● LISTED RECORDS:
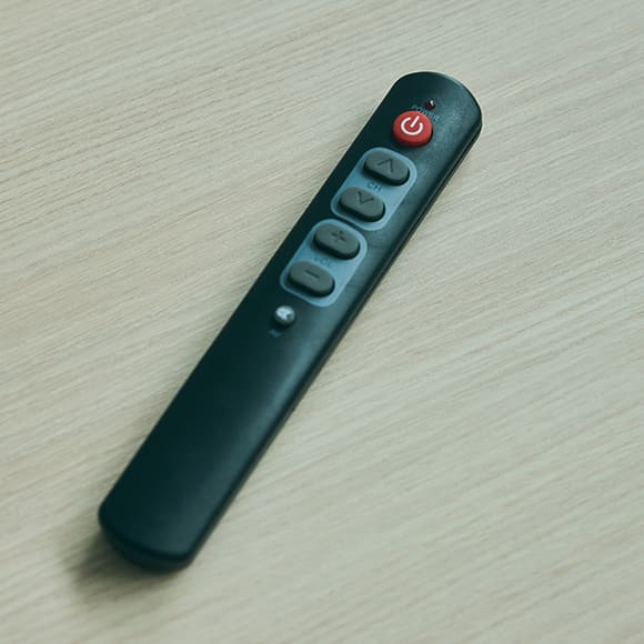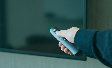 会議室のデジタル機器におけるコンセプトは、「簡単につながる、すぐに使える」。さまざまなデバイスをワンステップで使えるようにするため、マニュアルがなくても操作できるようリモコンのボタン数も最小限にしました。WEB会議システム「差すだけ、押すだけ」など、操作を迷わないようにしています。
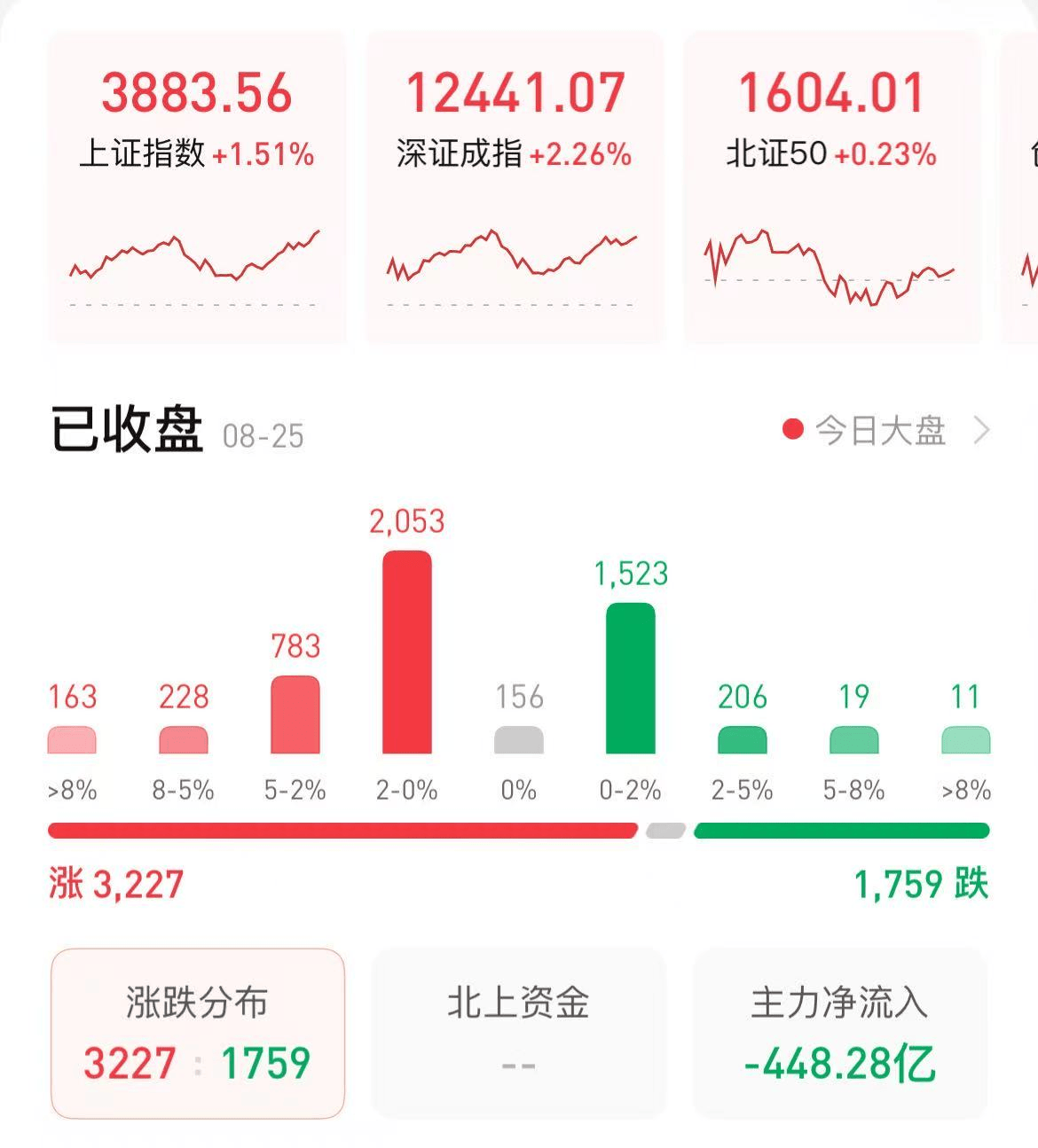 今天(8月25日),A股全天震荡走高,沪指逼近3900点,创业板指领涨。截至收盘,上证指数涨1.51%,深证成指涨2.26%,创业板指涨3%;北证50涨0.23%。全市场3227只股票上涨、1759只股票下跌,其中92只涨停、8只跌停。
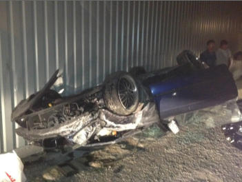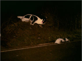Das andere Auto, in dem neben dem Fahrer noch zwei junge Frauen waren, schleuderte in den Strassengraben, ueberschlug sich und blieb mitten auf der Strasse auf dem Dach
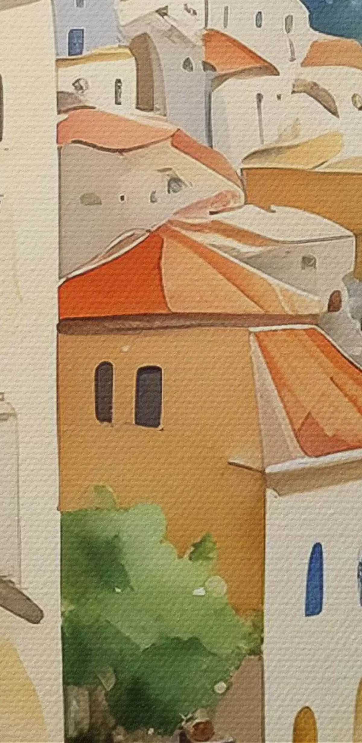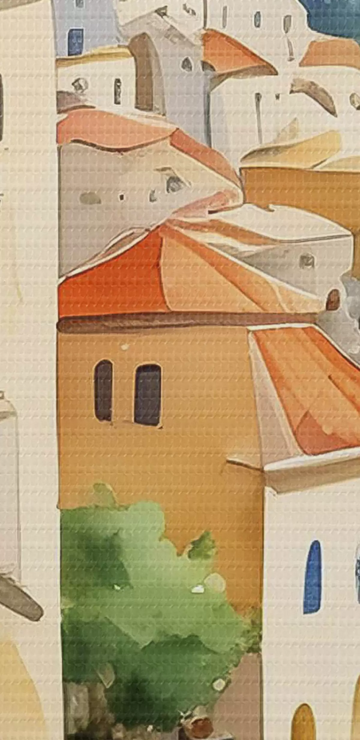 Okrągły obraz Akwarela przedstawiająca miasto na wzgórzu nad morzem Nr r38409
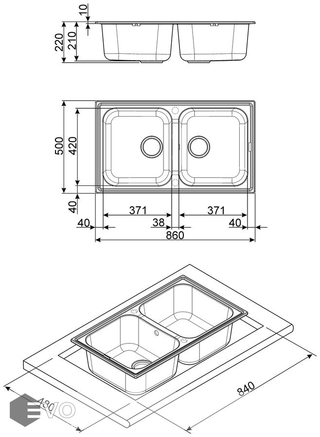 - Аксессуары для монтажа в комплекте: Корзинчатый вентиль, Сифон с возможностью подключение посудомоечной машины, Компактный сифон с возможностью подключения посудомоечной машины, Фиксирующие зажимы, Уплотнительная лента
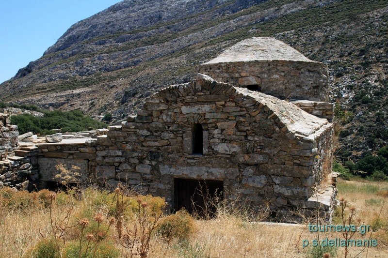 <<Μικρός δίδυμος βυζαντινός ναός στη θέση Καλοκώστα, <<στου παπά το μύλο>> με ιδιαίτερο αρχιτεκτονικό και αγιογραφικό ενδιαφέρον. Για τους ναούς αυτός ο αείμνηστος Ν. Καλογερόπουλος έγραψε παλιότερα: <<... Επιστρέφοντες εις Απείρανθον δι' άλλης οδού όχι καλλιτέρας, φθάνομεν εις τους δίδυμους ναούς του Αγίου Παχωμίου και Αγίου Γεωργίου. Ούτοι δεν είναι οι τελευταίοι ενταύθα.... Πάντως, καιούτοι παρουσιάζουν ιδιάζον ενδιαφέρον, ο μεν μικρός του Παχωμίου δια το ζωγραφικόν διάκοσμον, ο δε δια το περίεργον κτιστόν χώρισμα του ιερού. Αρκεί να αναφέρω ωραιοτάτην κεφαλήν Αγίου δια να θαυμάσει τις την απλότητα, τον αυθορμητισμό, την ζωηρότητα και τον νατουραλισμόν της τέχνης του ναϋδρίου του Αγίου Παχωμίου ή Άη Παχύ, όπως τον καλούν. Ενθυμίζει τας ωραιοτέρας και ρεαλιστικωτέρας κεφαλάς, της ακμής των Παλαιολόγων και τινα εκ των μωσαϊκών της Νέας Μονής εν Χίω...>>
* * *
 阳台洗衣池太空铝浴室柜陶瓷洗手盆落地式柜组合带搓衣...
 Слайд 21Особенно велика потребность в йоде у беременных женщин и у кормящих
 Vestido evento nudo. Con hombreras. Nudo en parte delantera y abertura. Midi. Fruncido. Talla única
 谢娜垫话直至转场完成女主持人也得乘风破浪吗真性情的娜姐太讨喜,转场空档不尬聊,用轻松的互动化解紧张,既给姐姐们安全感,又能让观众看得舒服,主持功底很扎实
---
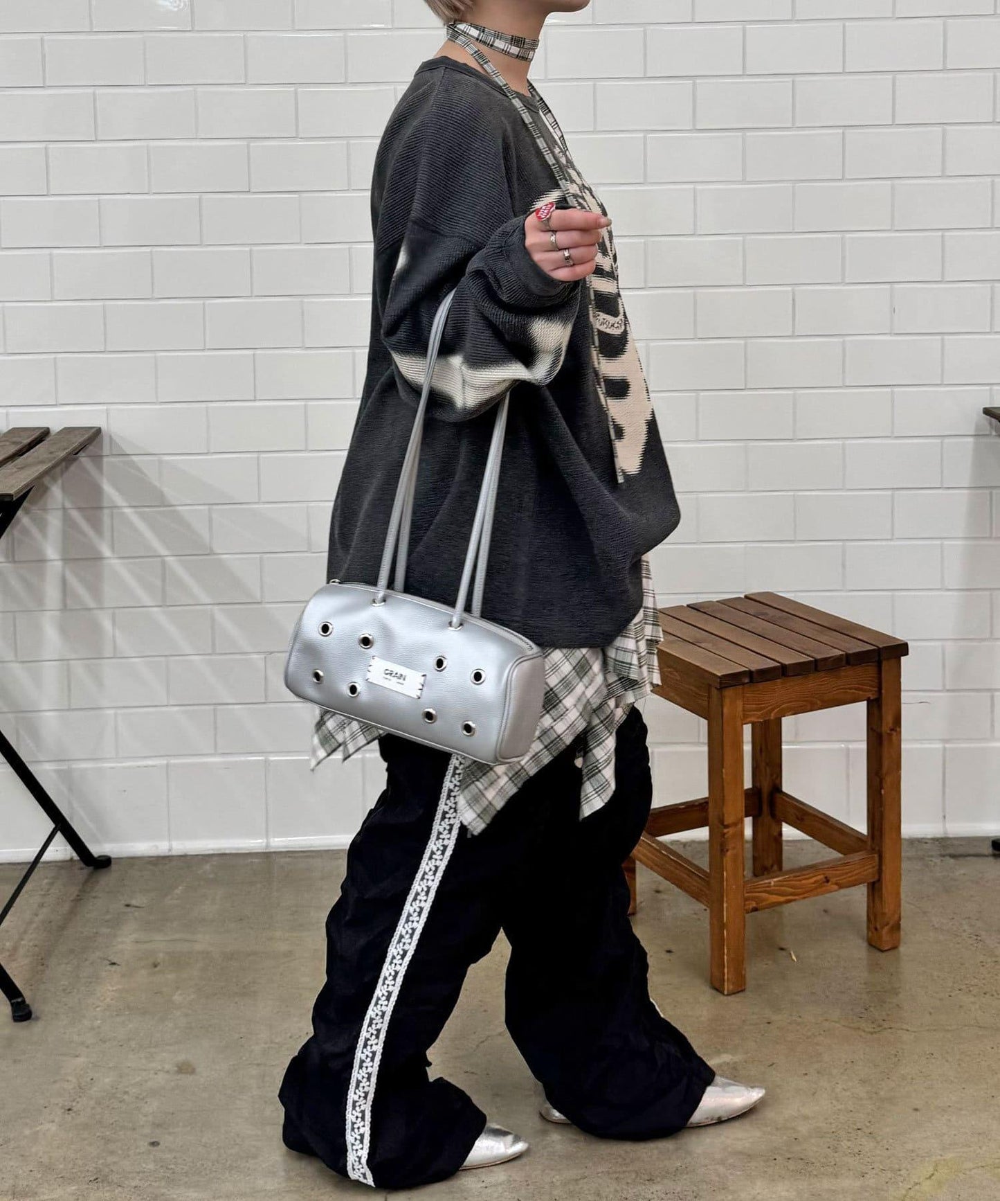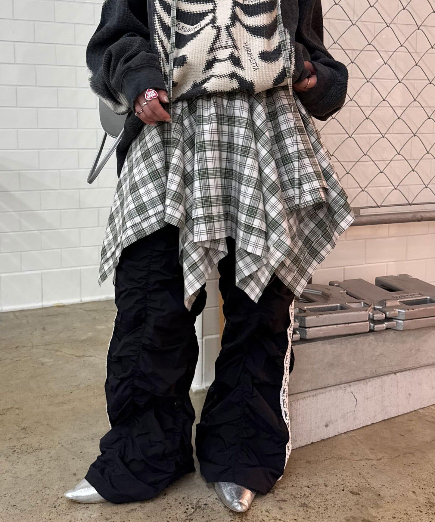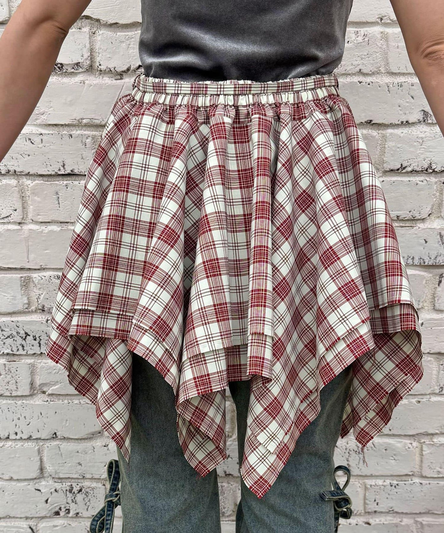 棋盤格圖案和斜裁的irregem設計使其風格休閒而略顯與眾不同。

● EXERCISE:
Within the listing above, the lines starting at the one containing "Okrągły obraz Akwarela" and ending at the one containing "<<Μικρός δίδυμος βυζαντινός" are to be returned exactly. Omit the pictures.

● TASK RESPONSE:
 Okrągły obraz Akwarela przedstawiająca miasto na wzgórzu nad morzem Nr r38409
 - Аксессуары для монтажа в комплекте: Корзинчатый вентиль, Сифон с возможностью подключение посудомоечной машины, Компактный сифон с возможностью подключения посудомоечной машины, Фиксирующие зажимы, Уплотнительная лента
 <<Μικρός δίδυμος βυζαντινός ναός στη θέση Καλοκώστα, <<στου παπά το μύλο>> με ιδιαίτερο αρχιτεκτονικό και αγιογραφικό ενδιαφέρον. Για τους ναούς αυτός ο αείμνηστος Ν. Καλογερόπουλος έγραψε παλιότερα: <<... Επιστρέφοντες εις Απείρανθον δι' άλλης οδού όχι καλλιτέρας, φθάνομεν εις τους δίδυμους ναούς του Αγίου Παχωμίου και Αγίου Γεωργίου. Ούτοι δεν είναι οι τελευταίοι ενταύθα.... Πάντως, καιούτοι παρουσιάζουν ιδιάζον ενδιαφέρον, ο μεν μικρός του Παχωμίου δια το ζωγραφικόν διάκοσμον, ο δε δια το περίεργον κτιστόν χώρισμα του ιερού. Αρκεί να αναφέρω ωραιοτάτην κεφαλήν Αγίου δια να θαυμάσει τις την απλότητα, τον αυθορμητισμό, την ζωηρότητα και τον νατουραλισμόν της τέχνης του ναϋδρίου του Αγίου Παχωμίου ή Άη Παχύ, όπως τον καλούν. Ενθυμίζει τας ωραιοτέρας και ρεαλιστικωτέρας κεφαλάς, της ακμής των Παλαιολόγων και τινα εκ των μωσαϊκών της Νέας Μονής εν Χίω...>>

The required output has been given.